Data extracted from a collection

☆ ☆ ☆ ☆ ☆ ☆ ☆

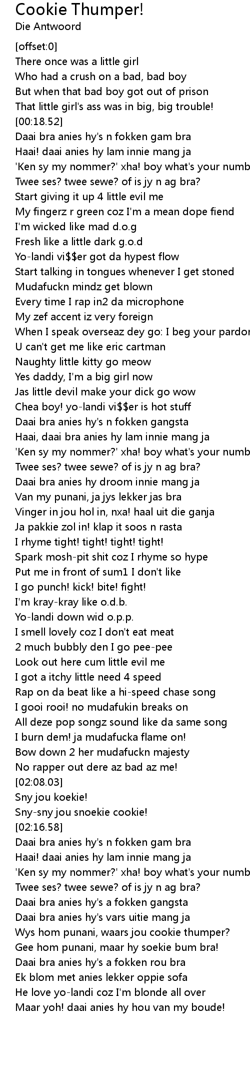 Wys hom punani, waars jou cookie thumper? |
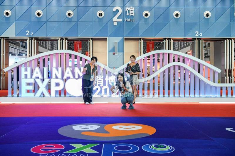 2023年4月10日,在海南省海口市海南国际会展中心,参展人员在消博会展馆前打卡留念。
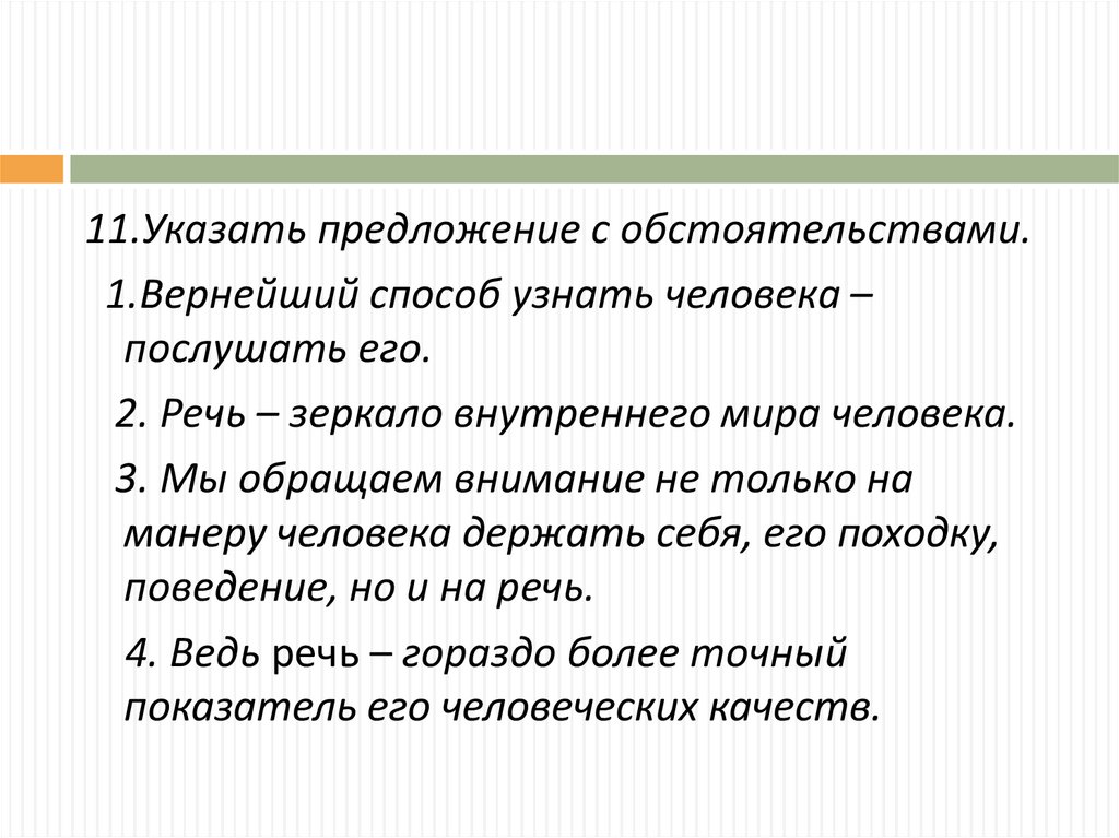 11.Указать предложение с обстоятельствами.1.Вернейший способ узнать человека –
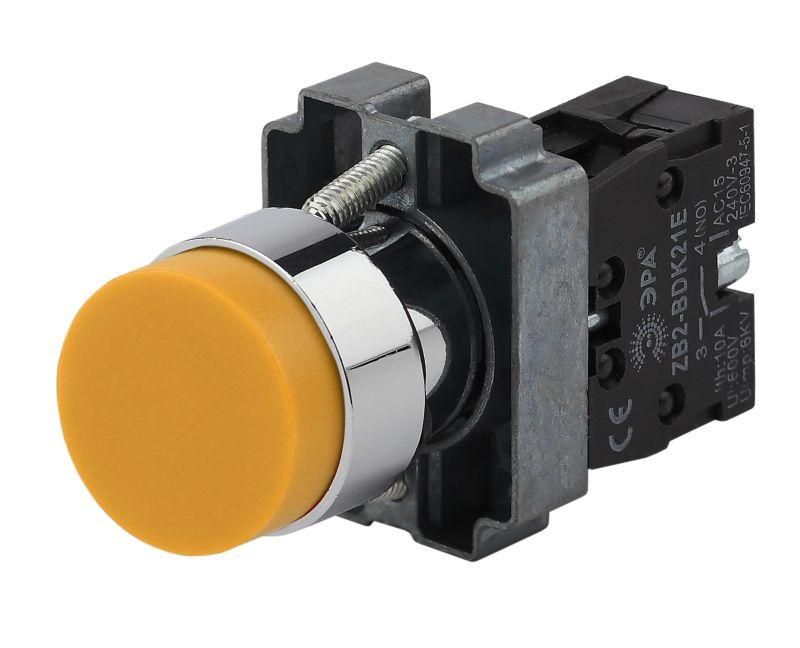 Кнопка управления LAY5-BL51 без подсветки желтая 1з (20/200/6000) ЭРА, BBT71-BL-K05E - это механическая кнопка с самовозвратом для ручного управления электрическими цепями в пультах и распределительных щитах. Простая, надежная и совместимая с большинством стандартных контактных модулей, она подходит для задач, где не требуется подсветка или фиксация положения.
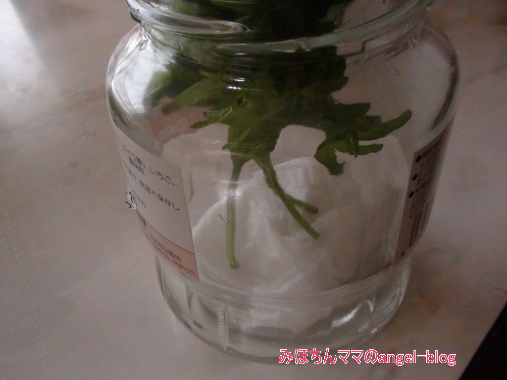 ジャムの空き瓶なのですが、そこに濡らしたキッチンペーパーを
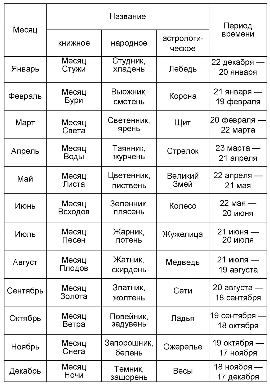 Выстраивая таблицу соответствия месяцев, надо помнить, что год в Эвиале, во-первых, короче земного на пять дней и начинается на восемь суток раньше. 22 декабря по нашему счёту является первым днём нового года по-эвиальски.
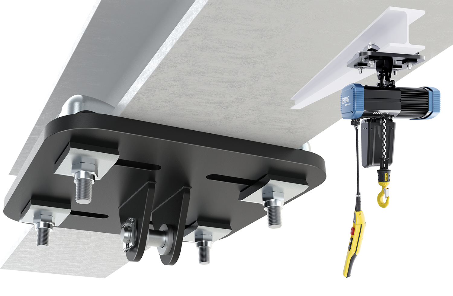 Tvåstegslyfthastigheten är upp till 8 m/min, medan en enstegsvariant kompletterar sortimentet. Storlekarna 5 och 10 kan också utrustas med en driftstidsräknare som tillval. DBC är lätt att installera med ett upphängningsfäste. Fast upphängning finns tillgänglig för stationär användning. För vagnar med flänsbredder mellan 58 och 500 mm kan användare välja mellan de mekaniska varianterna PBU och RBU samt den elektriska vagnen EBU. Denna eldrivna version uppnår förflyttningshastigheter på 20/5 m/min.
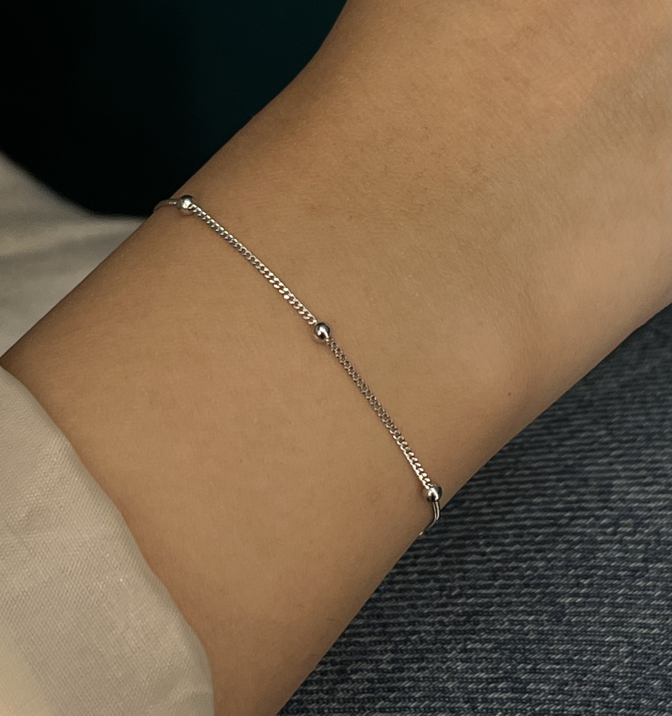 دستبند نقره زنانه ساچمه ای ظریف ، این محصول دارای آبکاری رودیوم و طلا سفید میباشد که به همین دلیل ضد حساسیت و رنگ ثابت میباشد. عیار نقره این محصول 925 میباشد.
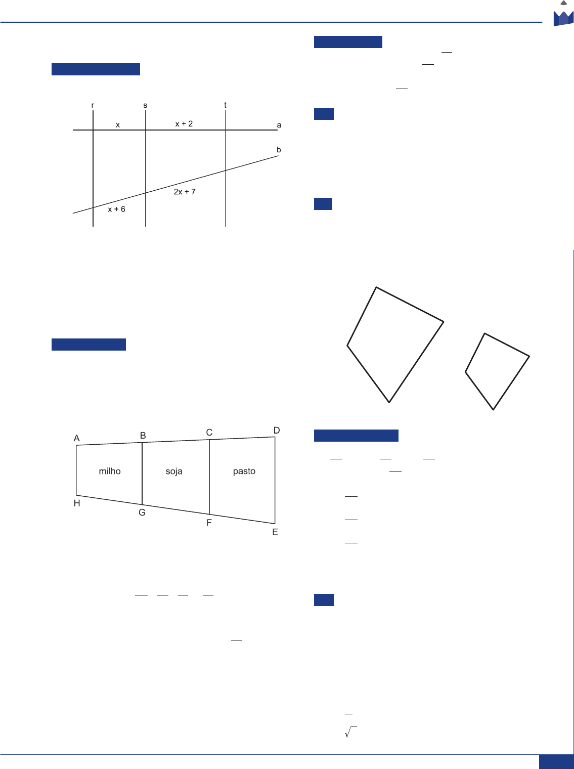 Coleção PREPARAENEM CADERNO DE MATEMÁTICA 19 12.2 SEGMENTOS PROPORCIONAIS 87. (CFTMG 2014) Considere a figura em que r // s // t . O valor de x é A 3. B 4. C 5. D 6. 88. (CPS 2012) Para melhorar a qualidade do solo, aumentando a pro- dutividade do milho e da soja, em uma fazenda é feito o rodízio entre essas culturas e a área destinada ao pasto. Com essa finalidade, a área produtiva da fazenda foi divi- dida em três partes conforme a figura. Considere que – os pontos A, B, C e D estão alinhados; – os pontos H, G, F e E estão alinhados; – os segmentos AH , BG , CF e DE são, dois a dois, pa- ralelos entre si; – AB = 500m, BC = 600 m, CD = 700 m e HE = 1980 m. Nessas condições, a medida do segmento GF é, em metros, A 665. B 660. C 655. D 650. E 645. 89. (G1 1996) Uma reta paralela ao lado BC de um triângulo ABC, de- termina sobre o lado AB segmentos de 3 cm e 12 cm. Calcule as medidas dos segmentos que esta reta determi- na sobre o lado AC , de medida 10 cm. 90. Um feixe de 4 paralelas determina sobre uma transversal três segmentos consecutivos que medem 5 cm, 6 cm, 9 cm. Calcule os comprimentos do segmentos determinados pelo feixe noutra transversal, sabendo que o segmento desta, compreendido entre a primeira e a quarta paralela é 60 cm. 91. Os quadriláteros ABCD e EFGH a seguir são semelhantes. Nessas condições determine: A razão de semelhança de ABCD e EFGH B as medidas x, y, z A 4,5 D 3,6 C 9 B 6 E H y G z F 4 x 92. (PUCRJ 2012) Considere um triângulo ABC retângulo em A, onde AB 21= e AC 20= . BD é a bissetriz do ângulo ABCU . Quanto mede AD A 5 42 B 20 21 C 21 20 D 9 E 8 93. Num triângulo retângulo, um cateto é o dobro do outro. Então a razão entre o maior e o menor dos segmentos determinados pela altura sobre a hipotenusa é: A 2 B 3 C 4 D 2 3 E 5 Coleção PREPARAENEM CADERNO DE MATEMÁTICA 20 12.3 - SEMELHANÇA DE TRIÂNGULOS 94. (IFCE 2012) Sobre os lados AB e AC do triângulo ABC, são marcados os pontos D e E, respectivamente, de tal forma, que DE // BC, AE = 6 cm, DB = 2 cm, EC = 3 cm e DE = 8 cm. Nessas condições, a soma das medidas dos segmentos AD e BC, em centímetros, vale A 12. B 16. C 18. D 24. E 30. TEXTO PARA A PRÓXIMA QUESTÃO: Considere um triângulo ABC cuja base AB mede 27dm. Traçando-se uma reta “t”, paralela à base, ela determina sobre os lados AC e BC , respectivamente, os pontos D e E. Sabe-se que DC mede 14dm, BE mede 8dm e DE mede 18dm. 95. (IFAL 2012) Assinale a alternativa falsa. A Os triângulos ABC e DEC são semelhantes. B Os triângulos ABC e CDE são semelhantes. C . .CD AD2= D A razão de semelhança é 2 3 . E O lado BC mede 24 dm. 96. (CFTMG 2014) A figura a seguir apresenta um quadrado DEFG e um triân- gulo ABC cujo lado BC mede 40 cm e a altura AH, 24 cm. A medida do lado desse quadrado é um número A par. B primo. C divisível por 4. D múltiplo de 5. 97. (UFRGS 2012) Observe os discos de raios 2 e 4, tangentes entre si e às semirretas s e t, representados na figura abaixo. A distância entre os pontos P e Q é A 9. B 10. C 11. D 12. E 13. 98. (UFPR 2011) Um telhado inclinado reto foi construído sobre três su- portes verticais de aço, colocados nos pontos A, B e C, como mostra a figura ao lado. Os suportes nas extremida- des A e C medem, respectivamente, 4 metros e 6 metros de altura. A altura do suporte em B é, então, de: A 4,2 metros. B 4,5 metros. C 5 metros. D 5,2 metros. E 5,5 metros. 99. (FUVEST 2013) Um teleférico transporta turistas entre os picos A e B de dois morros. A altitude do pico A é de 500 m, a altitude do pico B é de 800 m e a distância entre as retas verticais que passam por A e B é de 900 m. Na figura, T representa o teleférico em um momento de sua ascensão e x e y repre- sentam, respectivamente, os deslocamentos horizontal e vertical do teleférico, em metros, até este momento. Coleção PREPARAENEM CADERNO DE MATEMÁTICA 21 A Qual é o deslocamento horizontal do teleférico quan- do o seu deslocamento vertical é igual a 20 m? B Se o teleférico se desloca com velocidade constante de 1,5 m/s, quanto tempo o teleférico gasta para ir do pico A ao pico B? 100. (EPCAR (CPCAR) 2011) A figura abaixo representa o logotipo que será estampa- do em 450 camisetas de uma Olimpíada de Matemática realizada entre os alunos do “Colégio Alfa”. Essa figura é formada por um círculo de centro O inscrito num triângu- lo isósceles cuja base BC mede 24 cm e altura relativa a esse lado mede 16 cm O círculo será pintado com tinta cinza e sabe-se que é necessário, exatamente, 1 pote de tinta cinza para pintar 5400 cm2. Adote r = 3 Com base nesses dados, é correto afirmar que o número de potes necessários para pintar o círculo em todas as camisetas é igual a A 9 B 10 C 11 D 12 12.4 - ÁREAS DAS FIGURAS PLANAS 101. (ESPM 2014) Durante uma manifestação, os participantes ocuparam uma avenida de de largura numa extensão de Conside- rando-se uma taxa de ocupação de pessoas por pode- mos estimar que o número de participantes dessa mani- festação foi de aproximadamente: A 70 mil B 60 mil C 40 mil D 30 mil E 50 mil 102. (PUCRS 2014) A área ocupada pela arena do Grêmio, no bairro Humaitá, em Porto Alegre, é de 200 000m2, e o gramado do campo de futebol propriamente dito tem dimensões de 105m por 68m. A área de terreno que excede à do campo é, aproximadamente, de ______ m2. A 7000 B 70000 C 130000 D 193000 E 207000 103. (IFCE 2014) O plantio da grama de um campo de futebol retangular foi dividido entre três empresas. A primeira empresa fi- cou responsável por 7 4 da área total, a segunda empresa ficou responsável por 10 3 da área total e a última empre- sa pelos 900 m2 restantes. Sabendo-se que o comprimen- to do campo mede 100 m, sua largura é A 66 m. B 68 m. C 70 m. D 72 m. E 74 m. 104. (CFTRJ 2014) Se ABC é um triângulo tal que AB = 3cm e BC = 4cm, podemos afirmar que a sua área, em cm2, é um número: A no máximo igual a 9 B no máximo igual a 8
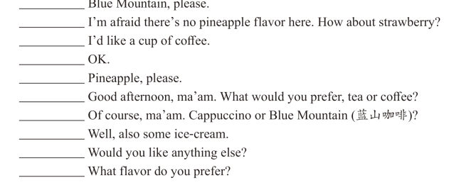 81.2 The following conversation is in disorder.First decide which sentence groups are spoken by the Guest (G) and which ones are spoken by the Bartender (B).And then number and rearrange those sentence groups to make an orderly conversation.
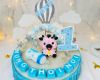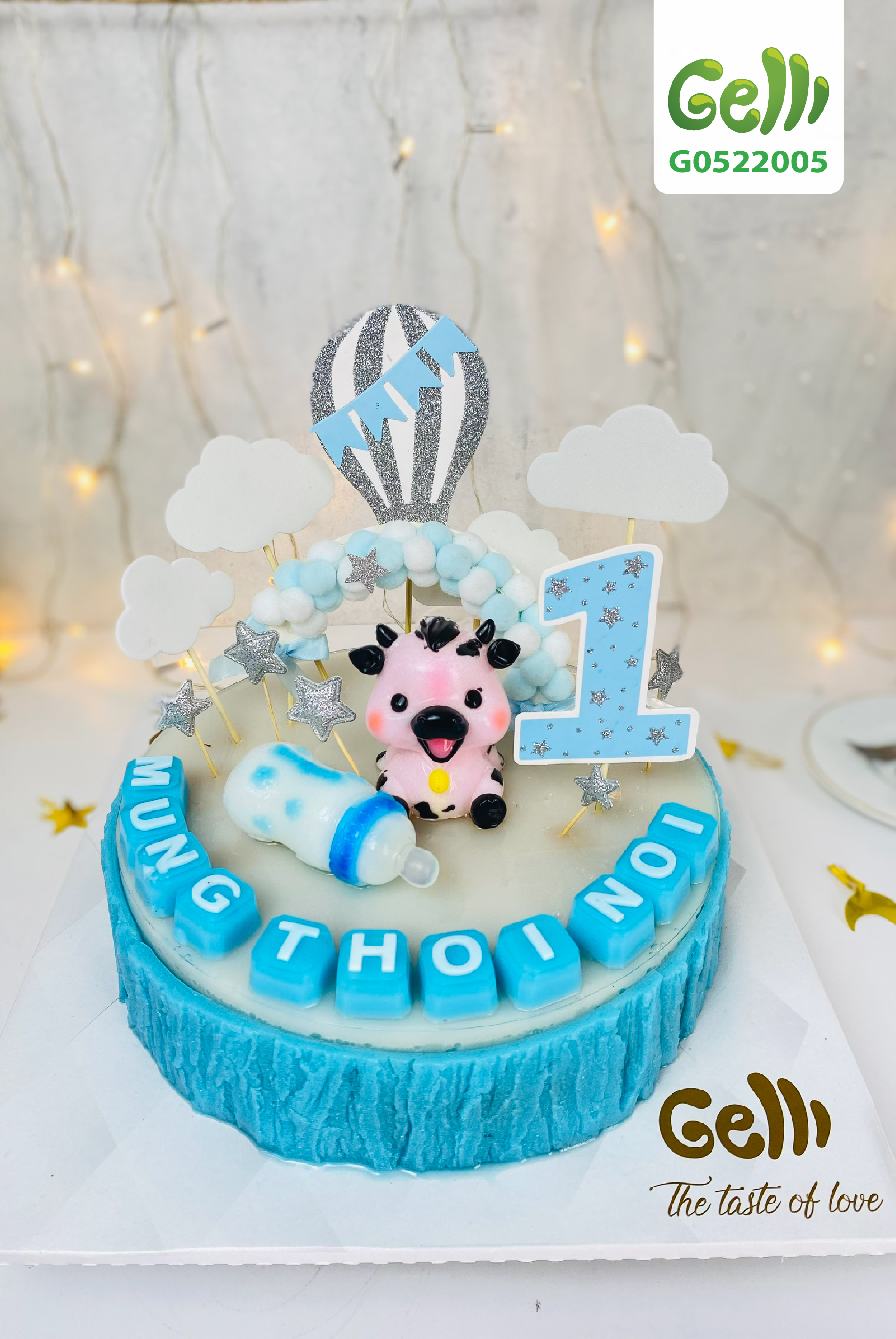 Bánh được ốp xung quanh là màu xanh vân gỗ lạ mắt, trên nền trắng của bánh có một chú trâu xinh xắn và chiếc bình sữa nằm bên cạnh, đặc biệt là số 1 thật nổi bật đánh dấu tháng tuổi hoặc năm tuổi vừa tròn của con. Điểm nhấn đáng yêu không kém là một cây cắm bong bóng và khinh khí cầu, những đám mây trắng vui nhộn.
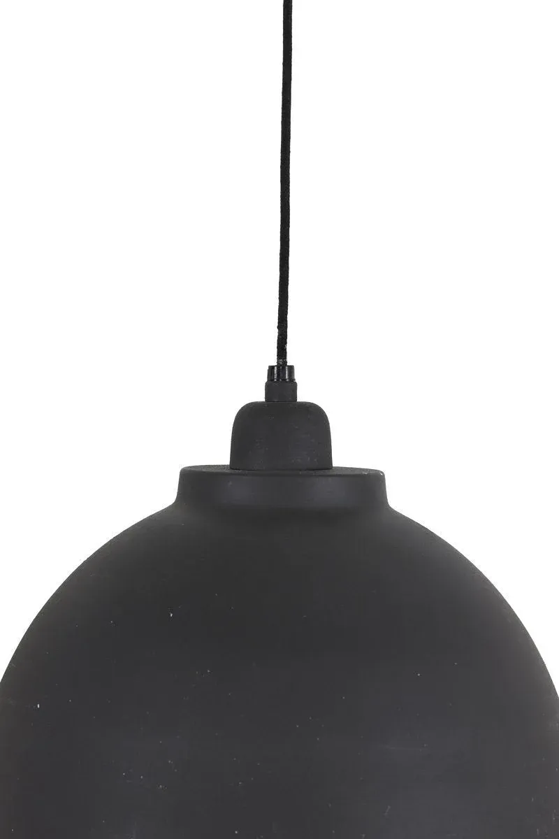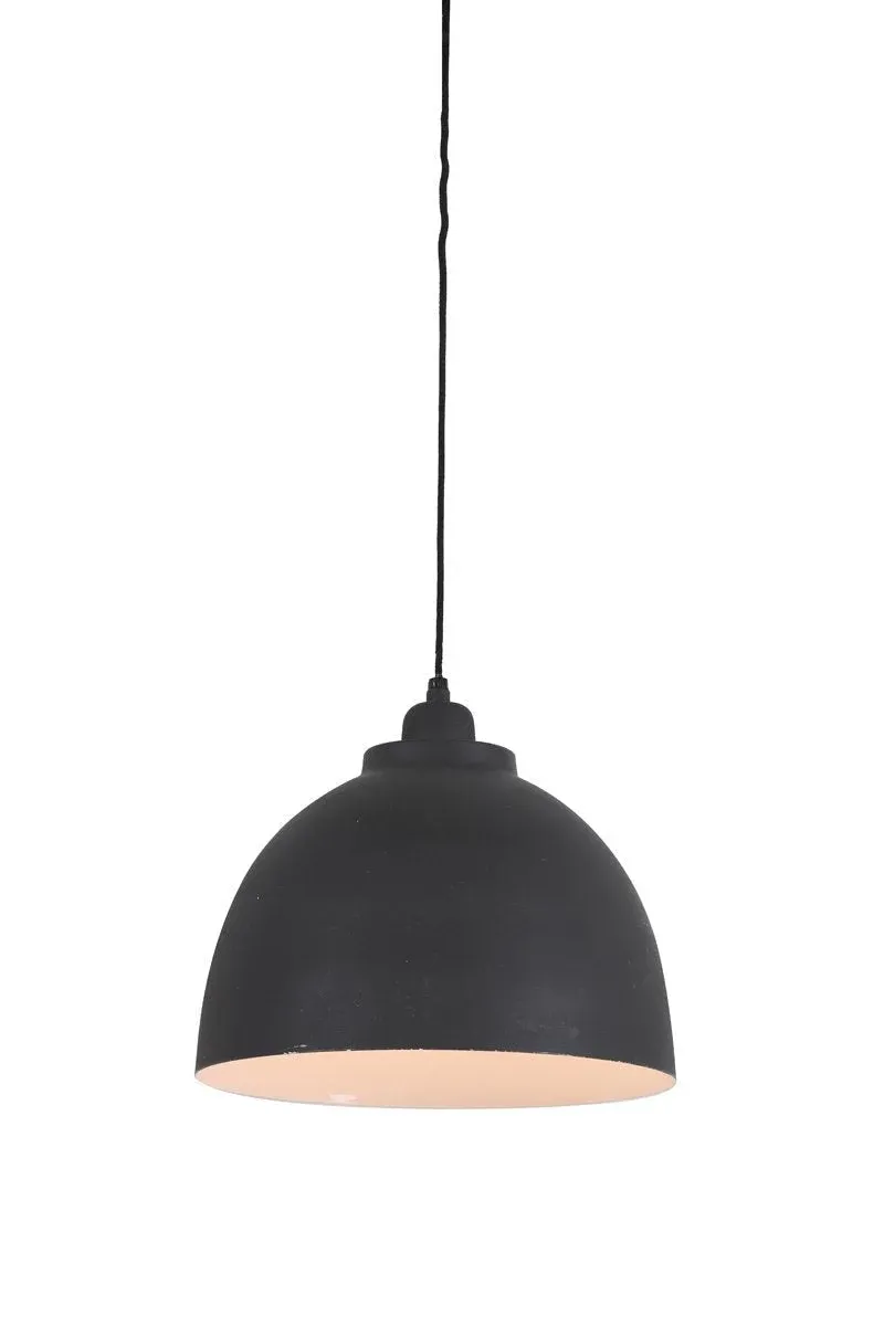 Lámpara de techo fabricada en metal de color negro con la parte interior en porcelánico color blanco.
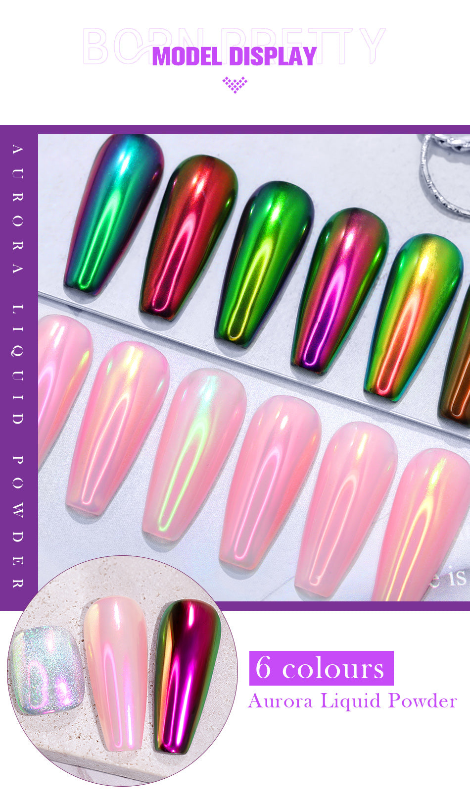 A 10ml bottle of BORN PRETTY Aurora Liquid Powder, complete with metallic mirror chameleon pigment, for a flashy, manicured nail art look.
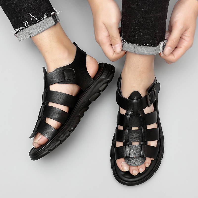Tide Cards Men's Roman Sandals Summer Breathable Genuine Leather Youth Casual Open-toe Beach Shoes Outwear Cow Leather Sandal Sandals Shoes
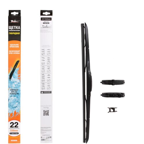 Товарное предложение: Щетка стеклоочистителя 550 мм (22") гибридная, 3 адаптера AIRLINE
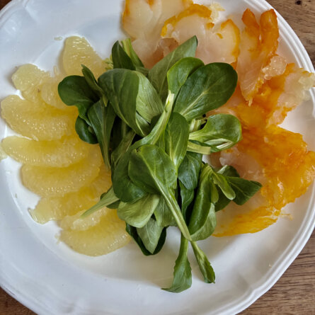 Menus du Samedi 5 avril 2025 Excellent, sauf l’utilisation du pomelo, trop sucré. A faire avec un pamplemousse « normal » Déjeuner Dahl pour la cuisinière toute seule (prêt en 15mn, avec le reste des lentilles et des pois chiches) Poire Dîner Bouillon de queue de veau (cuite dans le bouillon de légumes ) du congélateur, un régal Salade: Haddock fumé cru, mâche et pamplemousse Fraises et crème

☆ ☆ ☆ ☆ ☆ ☆ ☆

Required work: What is needed is the exact run of lines from the start of the data through the line with "دستبند نقره زنانه", both ends included, minus the pictures.

Solution to the problem:
 Wys hom punani, waars jou cookie thumper? |
 2023年4月10日,在海南省海口市海南国际会展中心,参展人员在消博会展馆前打卡留念。
 11.Указать предложение с обстоятельствами.1.Вернейший способ узнать человека –
 Кнопка управления LAY5-BL51 без подсветки желтая 1з (20/200/6000) ЭРА, BBT71-BL-K05E - это механическая кнопка с самовозвратом для ручного управления электрическими цепями в пультах и распределительных щитах. Простая, надежная и совместимая с большинством стандартных контактных модулей, она подходит для задач, где не требуется подсветка или фиксация положения.
 ジャムの空き瓶なのですが、そこに濡らしたキッチンペーパーを
 Выстраивая таблицу соответствия месяцев, надо помнить, что год в Эвиале, во-первых, короче земного на пять дней и начинается на восемь суток раньше. 22 декабря по нашему счёту является первым днём нового года по-эвиальски.
 Tvåstegslyfthastigheten är upp till 8 m/min, medan en enstegsvariant kompletterar sortimentet. Storlekarna 5 och 10 kan också utrustas med en driftstidsräknare som tillval. DBC är lätt att installera med ett upphängningsfäste. Fast upphängning finns tillgänglig för stationär användning. För vagnar med flänsbredder mellan 58 och 500 mm kan användare välja mellan de mekaniska varianterna PBU och RBU samt den elektriska vagnen EBU. Denna eldrivna version uppnår förflyttningshastigheter på 20/5 m/min.
 دستبند نقره زنانه ساچمه ای ظریف ، این محصول دارای آبکاری رودیوم و طلا سفید میباشد که به همین دلیل ضد حساسیت و رنگ ثابت میباشد. عیار نقره این محصول 925 میباشد.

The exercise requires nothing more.